And I always had that back of my mind. So went to grade school then went onto high school, and went to trade school, a carpenter class. And this is before the war, the union are very, very powerful. The school was -- so far, so basically in the background run by the union. Union controlled how many carpenters, how many plumbers and this and that, and what nationality. Especially sheet metal shop, just no blacks, no yellow, no nothing. Plumbing shop same thing. Electrical shop same thing. With carpenter shop, our teacher Arthur Morgan, he was more broadminded, so I signed up for his class because I always want to be a carpenter since I was a youngster. So I signed up and talk to Mr. Morgan and he says, "Well, when you get out of school, I don't think I can help you." I said, "I'll just do my, the best I can, but when I get to that point, I can just get to the point..." He says, "Well, I'll do everything I can to teach you what I can teach you.

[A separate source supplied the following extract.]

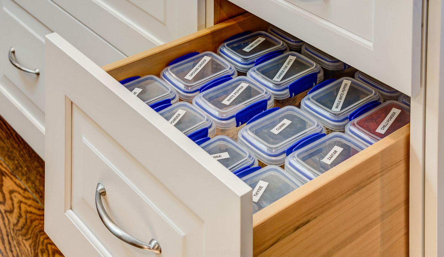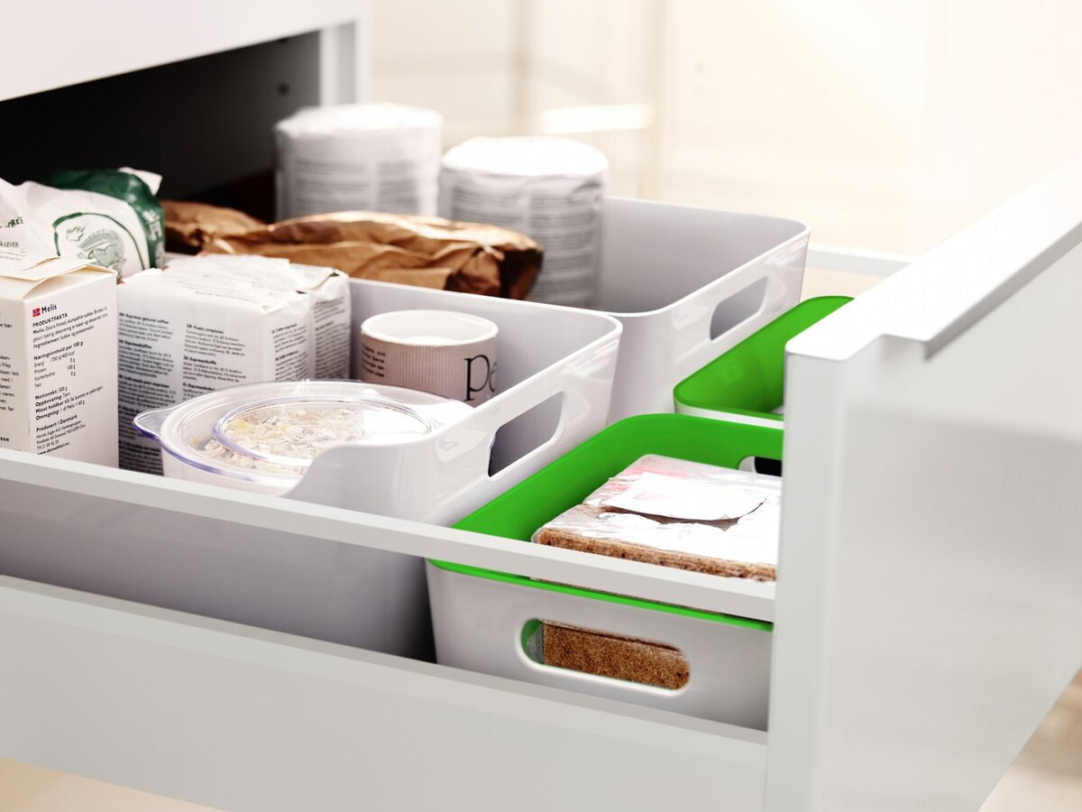 For storage in a kitchen cabinet, it is more ergonomic to use containers and trays with straight rather than round corners: they stand close to each other and save significantly more space than a set of jars. Rectangular kitchen appliances also fall under this rule.

It's up to you to learn what you want to learn." So I graduate from school, and he was one of the, my mentor-type of deal, person that really helped me, you know, even though I was Japanese. I know I can get a job -- he know I couldn't get a job.

So when I graduate high school in '41, my classmate, they were all Caucasian people, kids, one Italian, one... it's a Lithuanian boy. Anyway, they got a job as a carpenter right off the bat, no problem. So I went to union hall myself, and asked for a card, and they just give me, he says, "We know SOBs like you, we don't let you in." Because the Bylaw state that no Asian people allowed in the carpenter's union. So, I guess so.

So meantime, like I said, I was gonna' go, keep on going to school so I don't have to work as a carpenter. So I just kind of forgot about that. But I stayed on the farm, and if I was going to stay on the farm I wished I could be a carpenter, work as a carpenter, but my dad says, "Well, you better stay on the farm and help us out temporarily, until we get over this hump." So the war broke out, so that was the end of that dream of being a carpenter. So the experience that I learned being a carpenter... I did a lot more than just carpenter work. Morgan, he really taught me different thing -- management, how to work with people, how to understand people, and to trust people. And that's the biggest thing. He says, "You have to understand people, and trust people. If you trust people, the job will go easy." And I always remember that.